Corporate entities are minimizing the use of the acronym due to growing political influences, regulatory pressures, and the practice of greenwashing causing a decline in discussions concerning environmental, social, and governance matters.

CorporateUsage of 'ESG' Decreasing, According to Study Findings
CorporateUsage of 'ESG' Decreasing, According to Study Findings

"A study indicates a decline in the use of 'ESG' (Environmental, Social, and Governance) terminology within corporate conversations"

In a surprising turn of events, both the Environmental, Social, and Governance (ESG) movement and the plant-based food market have seen a dip in popularity, according to Tim Hill, an account director for GlobalData, and Iain Twine, a partner at business consultancy FGS Global.

Hill notes that the plant-based food market has underperformed on expectations due to consumer scepticism, price sensitivity, increased competition, and media reports on health problems associated with ultra-processed food. A similar fate has befallen ESG, with the use of related terms like "environment", "climate", "governance", "social", "diversity", and "inclusion" peaking in 2021 and since decreasing significantly.

Google search data shows a mild decline in global searches for the term "ESG" since a peak two years ago, in March 2023. This decline can be partially attributed to a politically-driven backlash, particularly in the US, which has spread eastwards. Companies are reducing direct references to ESG in their communications to avoid controversy.

Twine comments that ESG needs to earn attention rather than just being given attention. He stated that ESG is not dead but needs to find its relevance again for companies to discuss it publicly. Companies have started using different terms, such as "responsible business" instead of "ESG", due to the negative connotations associated with the latter.

The trajectory of plant-based meat alternatives suffered a similar fate as ESG at a similar time. Renewable energy returns on investment peaked in 2021 but have underperformed oil and gas stocks since early 2022. Despite this, experts argue that firms that embrace long-term ESG values will thrive, as long as they can show how important sustainability is to the bottom line.

In a positive note, reported cases of greenwashing declined for the first time in six years in 2024, according to analysis by RepRisk. The global ESG investing market is projected to grow at a compound annual growth rate of around 18% from 2024 to 2030.

The number of times companies mentioned ESG themes decreased from 2017 to 2024, according to data shared by GlobalData.

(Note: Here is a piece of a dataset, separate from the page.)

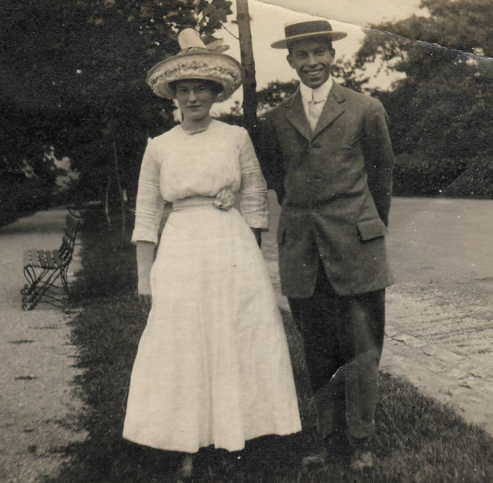 SOURCE CITATION: Frances (Cook) Livingood [1887-1926] with her first cousin, Walter Cook Goodwin [1893-1975]; circa 1910-1920; item no. CAND_AN001_0010, Cook Series, Candice Lynn Buchanan Collection; Greene Connections Archives Project (GreeneConnections.com).

However, the information points toward a growing general trend among companies, especially in Germany, to increasingly integrate environmental and sustainability topics into their communications and business strategies.

Tim Hill also observed a parallel between the decline in ESG in corporate speak and the trajectory of renewable energy returns on investment. He noted that the plant-based food market has underperformed on expectations due to consumer scepticism, price sensitivity, increased competition, and media reports on health problems associated with ultra-processed food.

Despite the current downturn, both ESG and plant-based food markets are expected to rebound as consumer awareness and demand for sustainable options continue to grow. The key for companies is to find the right balance between profitability and sustainability, ensuring that their long-term ESG values are aligned with consumer preferences and regulatory requirements.